Problem details → What is the number of lines in the data that contain "tranh"? Respond with nothing else.

Data extracts →
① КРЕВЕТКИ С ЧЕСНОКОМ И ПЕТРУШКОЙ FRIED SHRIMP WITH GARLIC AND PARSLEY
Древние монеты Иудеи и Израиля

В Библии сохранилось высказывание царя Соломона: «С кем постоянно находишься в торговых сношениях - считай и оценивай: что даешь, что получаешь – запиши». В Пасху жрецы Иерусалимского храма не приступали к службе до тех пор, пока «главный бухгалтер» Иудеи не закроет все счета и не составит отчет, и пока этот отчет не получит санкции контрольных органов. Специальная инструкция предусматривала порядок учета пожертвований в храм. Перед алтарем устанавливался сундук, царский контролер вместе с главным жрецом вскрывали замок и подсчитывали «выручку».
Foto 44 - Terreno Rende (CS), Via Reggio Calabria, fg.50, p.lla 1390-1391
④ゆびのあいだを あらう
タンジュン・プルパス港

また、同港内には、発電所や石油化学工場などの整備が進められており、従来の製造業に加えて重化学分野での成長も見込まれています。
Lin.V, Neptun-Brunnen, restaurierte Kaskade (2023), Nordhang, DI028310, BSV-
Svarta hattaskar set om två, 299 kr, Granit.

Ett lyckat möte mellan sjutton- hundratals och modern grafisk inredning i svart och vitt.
* * *
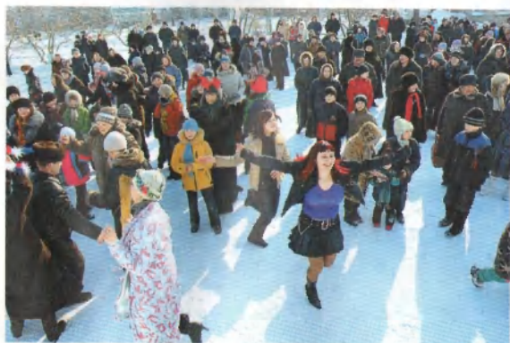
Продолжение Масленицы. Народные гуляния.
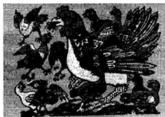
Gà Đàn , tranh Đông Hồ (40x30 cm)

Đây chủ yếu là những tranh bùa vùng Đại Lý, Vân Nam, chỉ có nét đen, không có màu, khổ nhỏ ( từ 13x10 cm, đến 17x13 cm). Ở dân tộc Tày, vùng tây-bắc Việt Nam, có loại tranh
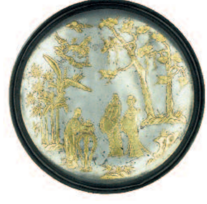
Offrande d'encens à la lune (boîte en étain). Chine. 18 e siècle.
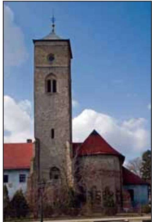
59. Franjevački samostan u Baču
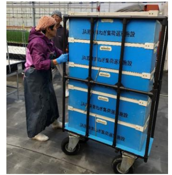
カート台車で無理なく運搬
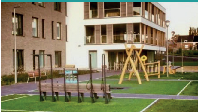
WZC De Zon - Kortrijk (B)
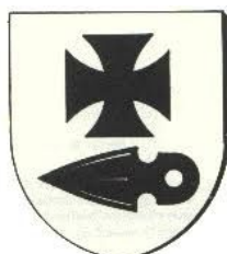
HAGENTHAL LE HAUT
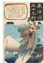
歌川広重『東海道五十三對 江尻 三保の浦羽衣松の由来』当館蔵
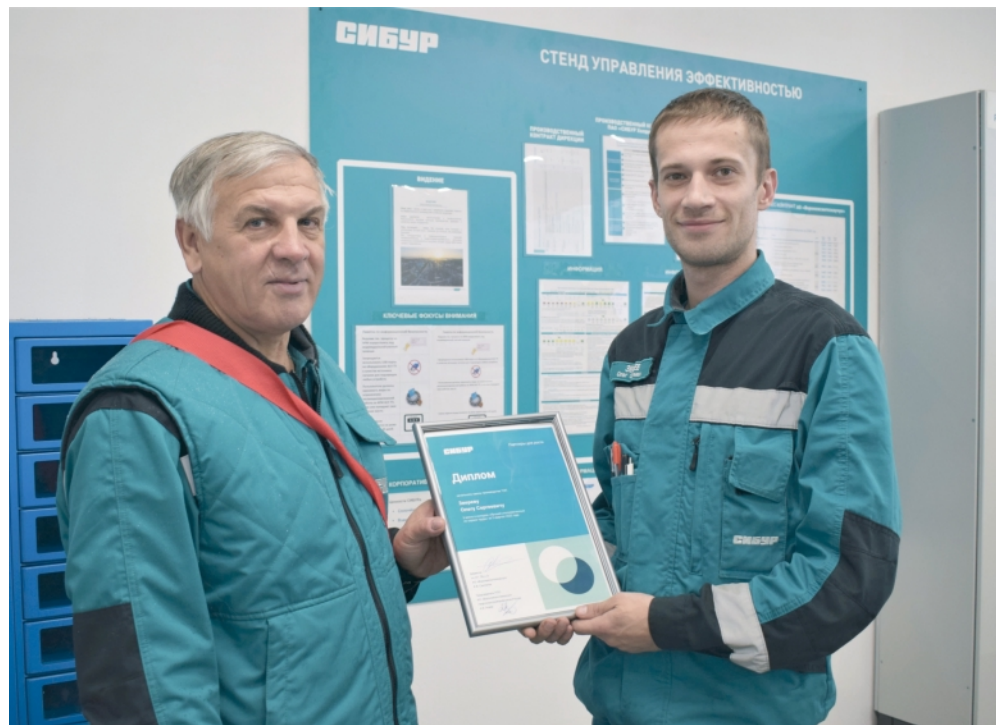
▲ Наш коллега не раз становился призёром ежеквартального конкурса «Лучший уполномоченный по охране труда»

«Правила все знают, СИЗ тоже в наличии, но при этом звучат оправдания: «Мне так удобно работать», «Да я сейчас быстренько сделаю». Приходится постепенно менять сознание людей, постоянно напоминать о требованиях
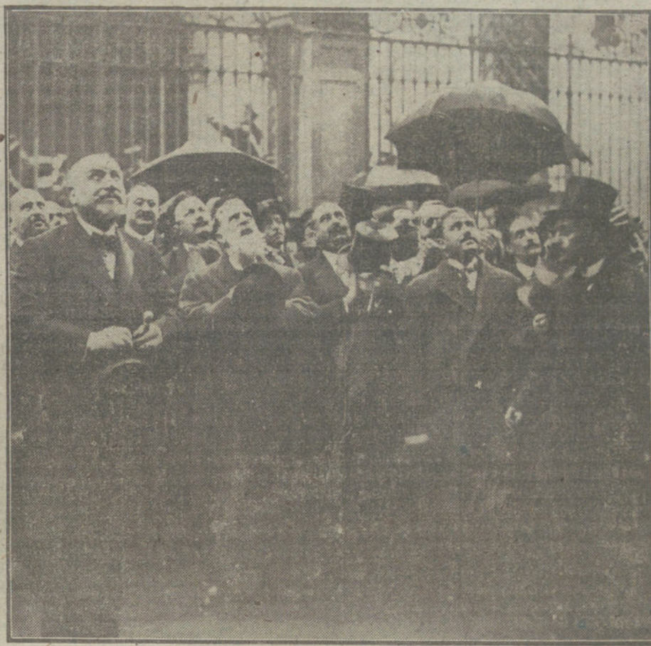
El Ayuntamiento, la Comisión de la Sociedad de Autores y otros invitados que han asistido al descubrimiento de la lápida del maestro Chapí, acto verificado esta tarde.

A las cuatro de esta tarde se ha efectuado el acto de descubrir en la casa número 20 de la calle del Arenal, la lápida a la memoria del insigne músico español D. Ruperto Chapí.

Solved problem → 2